Общежитие в которое меня отправила учебная часть музыкального училища, после сдачи документов, находилось на углу двух томящихся улиц в центре города, напротив обветшалых домов, рубленных из назреватого тополя. Продавщицы мороженого, рвенно хранили в своих холодильниках вафельную прохладу, самозабвенно истекая прозрачно-липкой кровью пор. Новенький, сверкающий корбок бар носивший название «Allegro», еще салон ритуальных услуг «Lamentoso e andante» где-то в шершавом переулке. Все это было так просто, мило и даже музыкально, до того филигранно мне это казалось.
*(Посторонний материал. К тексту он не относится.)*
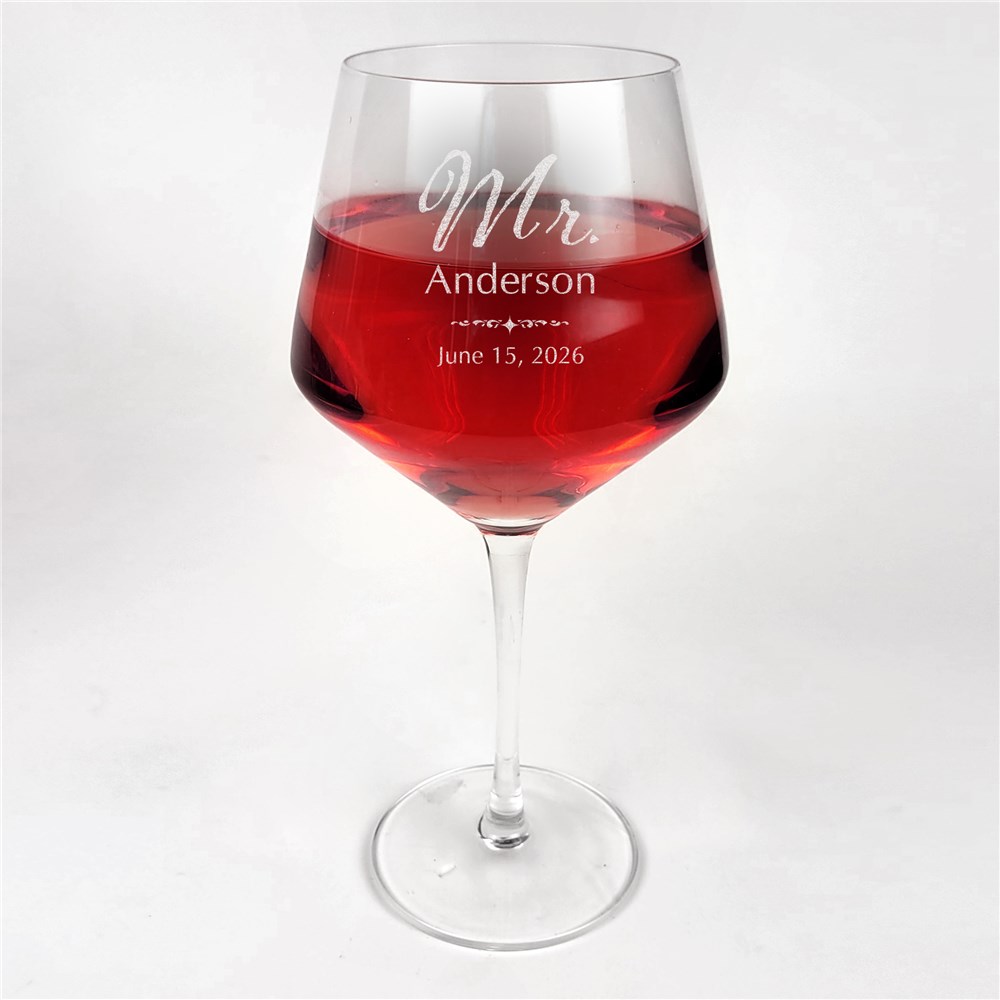 Engraved Mr. And Mrs. Wedding Red Wine Estate Glass Set

В общежитиях еще сохранился вымирающий вид – «коменданты», при этом слове в голове моей раздавались эхом обрывки команд, барабанная дробь, перед глазами мелькали кукурузные крепости и сердце сжималось в ожидании бед человеческих, но на самом деле никаких крепостей в реальности не было и быть не могло, да и какие беды могут исходить от этой выкрашенной в охру бабки? Правда кричать она умела не тише зеленых валторн Преображенского полка, как я в этом вскоре убедился, и еще команды, это да, соблюстив все формальности, она принялась зверски и умело орудовать событиями, размахивая мясницкими руками: выдать инвентарь, показать конуру, матрацы, матрацы это вообще отдельная комедия и страшный фильм ужасов, матрацная шкура была засалена до предела и походила на последнее пристанище и смертельный одр больного энурезом, а внутри, вместо полагающейся ваты, была советская, демонически спрессованная макулатура, брошенная какими-то безумными пионерами в начале 70-х!
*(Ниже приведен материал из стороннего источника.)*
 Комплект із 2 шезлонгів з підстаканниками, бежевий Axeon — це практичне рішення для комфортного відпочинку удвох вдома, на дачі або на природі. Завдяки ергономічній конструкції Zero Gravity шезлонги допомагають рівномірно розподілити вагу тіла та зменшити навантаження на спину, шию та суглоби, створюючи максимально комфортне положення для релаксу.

Что-то мелькнуло, что-то сверкнуло, сдвинулось и я вдруг понял, что все эти наглые стены с притязанием на сюрреалистическую живопись, подслеповатое окно, где мирно покоились заплесневелые мухи, депрессивно двухъярусные кровати, высившиеся по углам, картонный шифлот с хрустящим таракановым мраком, огромный урчащий холодильник, очевидно с эхом, следовательно с запахом суицидных мышей и меланхолически голый патрон – люстра на проводе в стиле ню – все это было инвентарь, данный мне на пользование, даже старуха была инвентарь, аж зубы ноют, до того она была инвентарь.

Но так или иначе, это была жизнь, жизнь иная и новая, а новизна прививает вкус. В конце концов это развлекало. Театральные соседи после пьяной драки напоминали вездесущих скифов после поругательства с Александром Македонским, во главе с толстым прыщавым Дарием. Напротив жил плотник-сантехник с поношенной семьей у которого ни когда не было гвоздей. Убежденные реперы – художники в тусовочных шмотках ходили красить заборы, о эти фломастеры времени, эти непревзойденные граффити глубинки! Вечером тенью появлялась выжившая из ума уборщица, подходя к мужскому туалету выливать грязную воду, так как женский был этажом выше, скользким голосом спрашивала в пустоту: «есть кто?», и не получая ответа, заходила туда с ведром. Было видно, как она ненавидела это ведро, этот туалет и тех несчастных, могущих там находиться и даже тех, кого там не было! Иногда этажами ходили китайцы в стеклянных пижамах и звериными, ласковыми глазками глядели вокруг. Китайцы прилепились маленькой коробочкой кафе к заднему фасаду общежития и тихо кормили редких посетителей, чужестранной, неведомой для них повинции, причудливой и удушливой пищей, словно к ней примешивался дух казненных Мао, но притягательной, как речи Конфуция наглухо завороченного в Майю. Впоследствии китайцы разрослись, встав на широкую восточную ногу, так, что затмили собой само общежитие, теперь это оно стало частью китайцев, вроде досадности в виде атрофированного шестого пальца, который не мешает, но с которым приходится мириться.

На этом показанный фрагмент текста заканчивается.